- Written by: Alex Gibney
- Narrated by: Peter Coyote
- Music by: Robert Boress
- Country of origin: United States
- Original language: English

Production
- Producers: Peter Bull Alex Gibney
- Cinematography: Samuel Painter
- Production company: Jigsaw Productions

Original release
- Release: October 15, 1992

= The Pacific Century =

Documentary series

The Pacific Century is a 1992 PBS Emmy Award winning ten-part documentary series narrated by Peter Coyote about the rise of the Pacific Rim economies. Alex Gibney was the writer for the series, and Frank Gibney, his father, wrote the companion trade book, The Pacific Century: America and Asia in a Changing World. The companion college textbook, Pacific Century: The Emergence of Modern Pacific Asia, was written and edited by E. Mark Borthwick.

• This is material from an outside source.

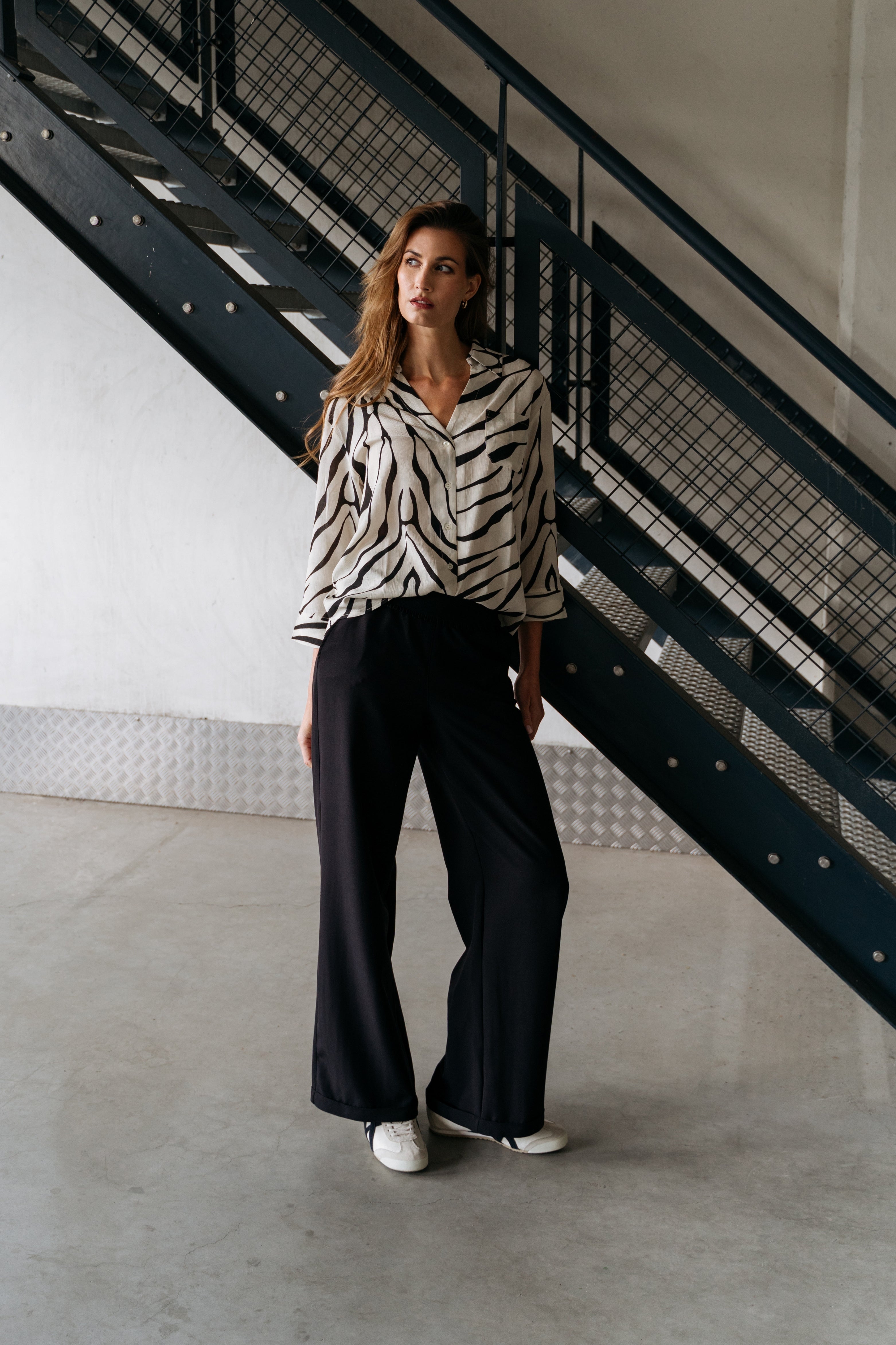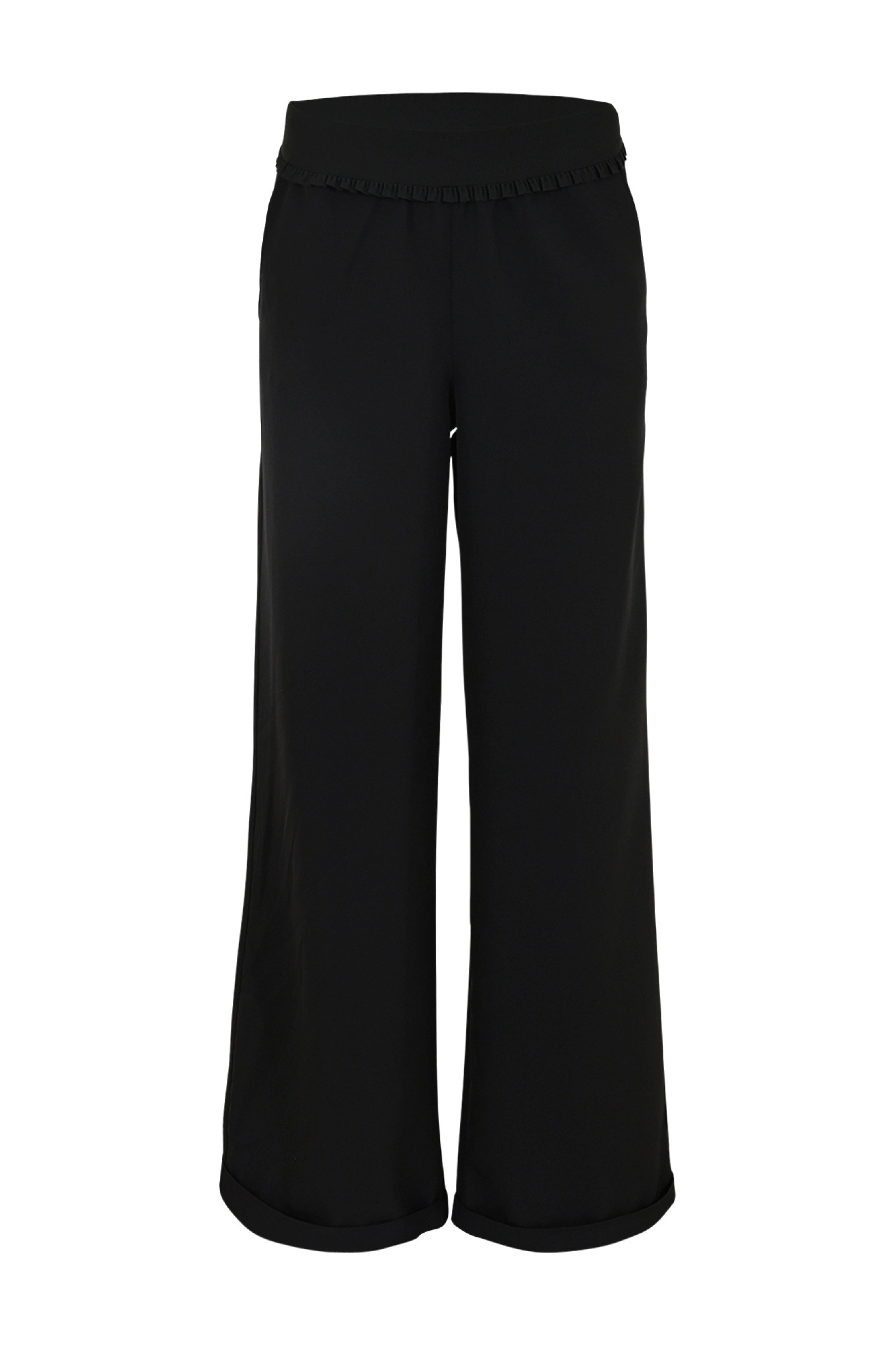 De Harper broek van Zizo in tijdloos zwart biedt ultiem comfort met een stijlvolle uitstraling. De soepele stof en wijde pijpen geven je outfit een elegante touch, terwijl het elastische boord met plooidetail zorgt voor een perfecte fit.

The series is a co-production of Pomona College's Pacific Basin Institute and KCTS-TV in Seattle. Principle funding was provided by the Annenberg Foundation and the Ford Foundation.

== Episodes ==
1. The Two Coasts of China: Asia and the Challenge of the West - How China's past experiences with foreign conquest led to its downfall in the face of Western colonialism.
2. The Meiji Revolution - The transformation of Japan into the most Westernized country in Asia, at great cost.
3. From the Barrel of a Gun - The parallel journeys to freedom of Indonesia and Vietnam, through their leaders, Sukarno and Ho Chi Minh.
4. Writers and Revolutionaries - How the philosophies of Lu Xun and Ikki Kita influenced the thinking of the Chinese and Japanese people, respectively, into the 20th century.
5. Reinventing Japan - How the United States of America recrafted Japan into its own image during its eight year post-war occupation.
6. Inside Japan, Inc. - The road to Japan's economic prosperity in the post-occupation era to the present day.
7. Big Business and the Ghost of Confucius - How the teaching of Confucius is still exploited by capitalists in South Korea, Taiwan and Singapore.
8. The Fight for Democracy - The 50 years struggle of South Korea for self-determination.
9. Sentimental Imperialists: America in Asia - The diplomatic failings of the United States with The Philippines and China.